Earlier this month, South San Francisco police arrested 53-year-old William Aguero on suspicion of a California DUI after they found him asleep behind the wheel of his vehicle.
Aguero’s vehicle was halfway up on the sidewalk with the engine running and in gear. Police and paramedics attempted to remove Aguero from the vehicle when they noticed that he could not walk unassisted. It was then that police suspected that Aguero was driving under the influence.
Police also learned that Aguero was on the California Department of Motor Vehicles and California Office of Traffic Safety’s DUI Hot List. The list was created as a California DMV program intended on discouraging repeat DUI offenders whose licenses are suspended from driving.
Aguero’s case raises a question often asked regarding the California DUI: Can you be arrested, charged, and convicted if the police don’t actually see you drive?
California is unlike other states in that it actually requires driving, or slight volitional movement, of the vehicle.

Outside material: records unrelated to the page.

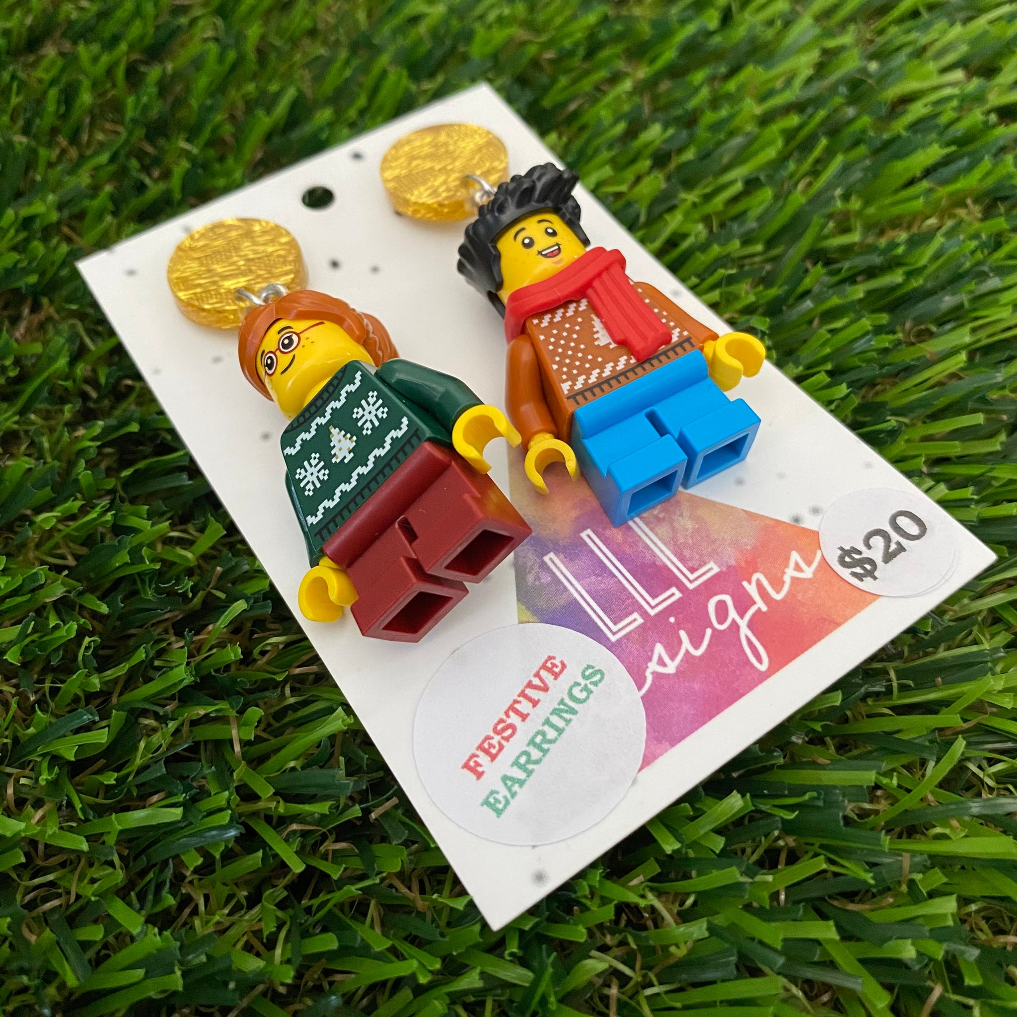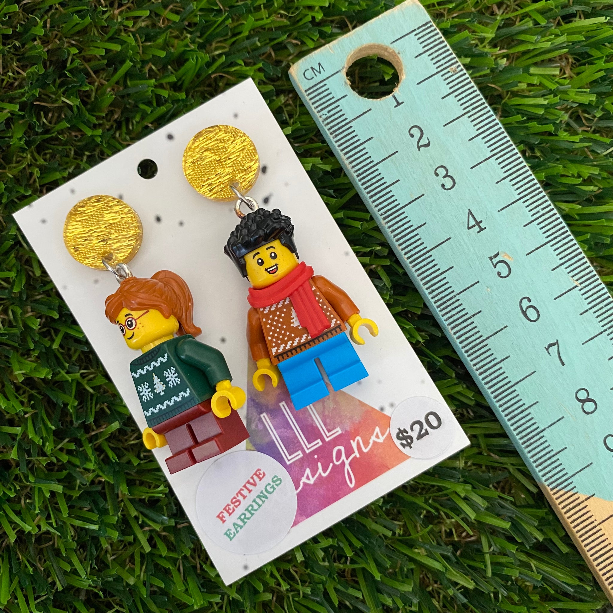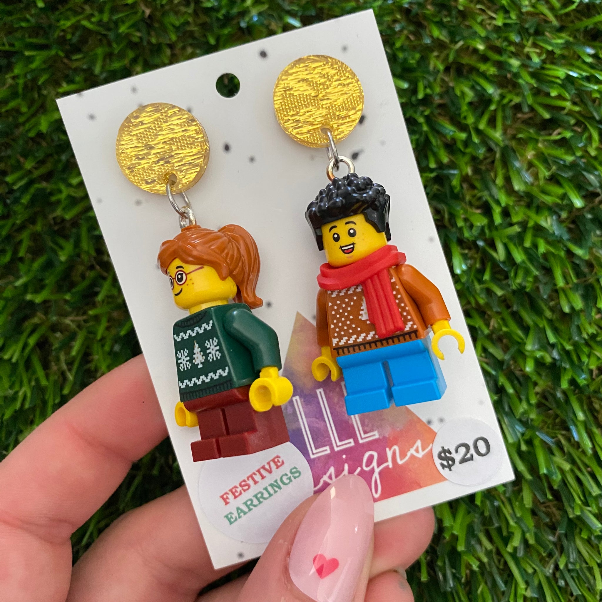Christmas Sweater Kid Brick Earrings- Festive Christmas Sweater and Winter Scarf Kid Dangle Earrings, Featuring a Glitzy Gold Top.
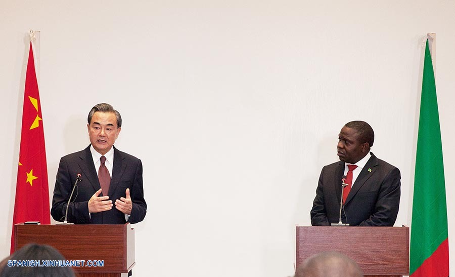 El ministro de Relaciones Exteriores chino, Wang Yi, asiste a una conferencia de prensa con su homólogo zambiano, Harry Kalaba, en Lusaka, capital de Zambia, el 8 de enero de 2017. (Xinhua/Peng Lijun)
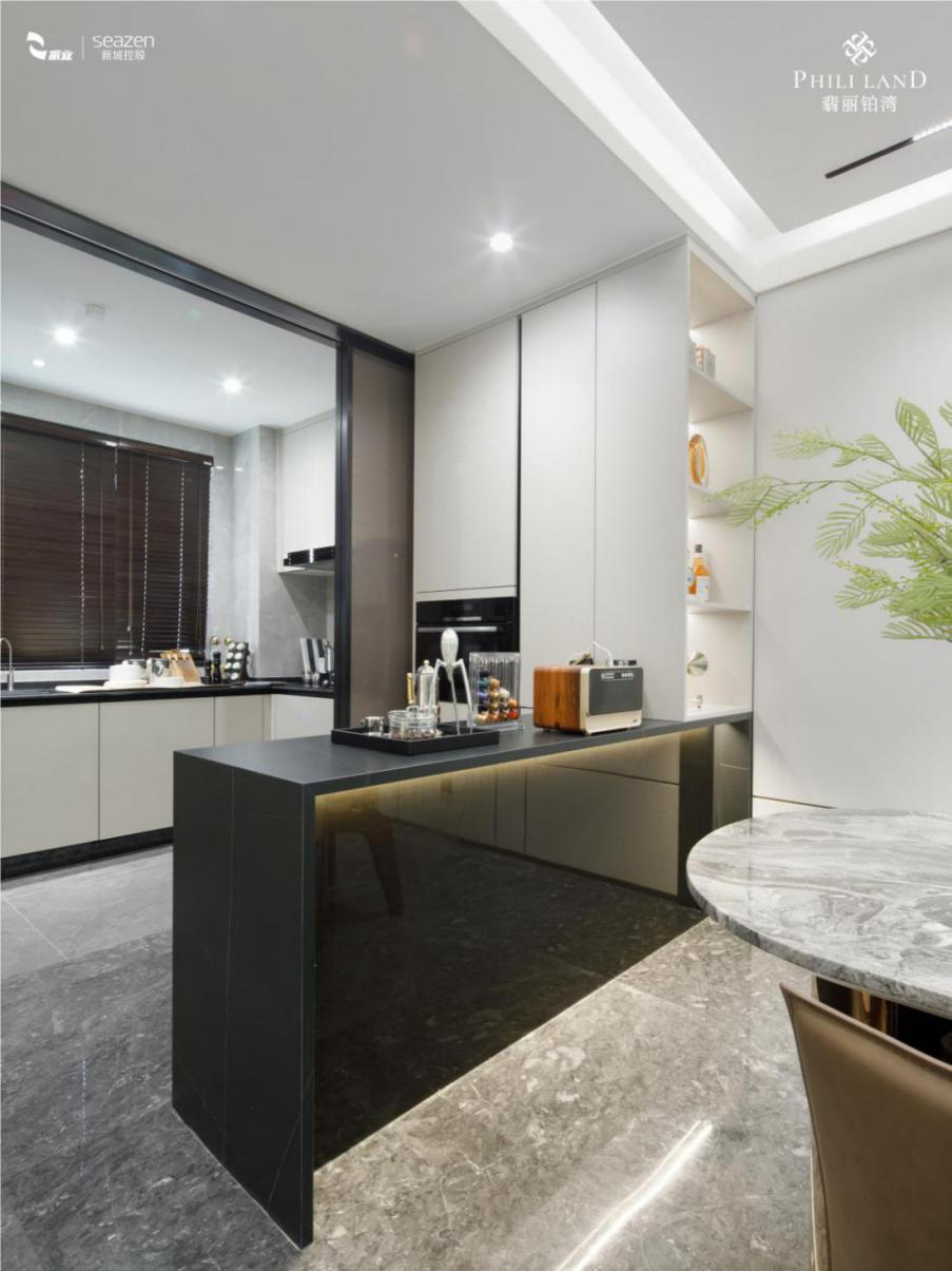 中西导台等开放式定制空间,区隔重油与轻餐,中厨、西厨与餐厅有机融合,成就居者日常生活的私趣领地。

Other states only require that a person be in “dominion and control” of the vehicle with the mere ability to drive the vehicle.
Unfortunately, California’s driving requirement can be proven through circumstantial evidence of movement.
Circumstantial evidence doesn’t by itself point to guilt, but allows the jury to infer guilt through the circumstances surrounding of the arrest.
Although the officers did not actually see Aguero drive his vehicle, the circumstantial evidence they will use to prove he drove will likely be the fact that his vehicle was up on the curb, the fact that his vehicle’s engine was on, and the fact that the vehicle’s transmission was in gear.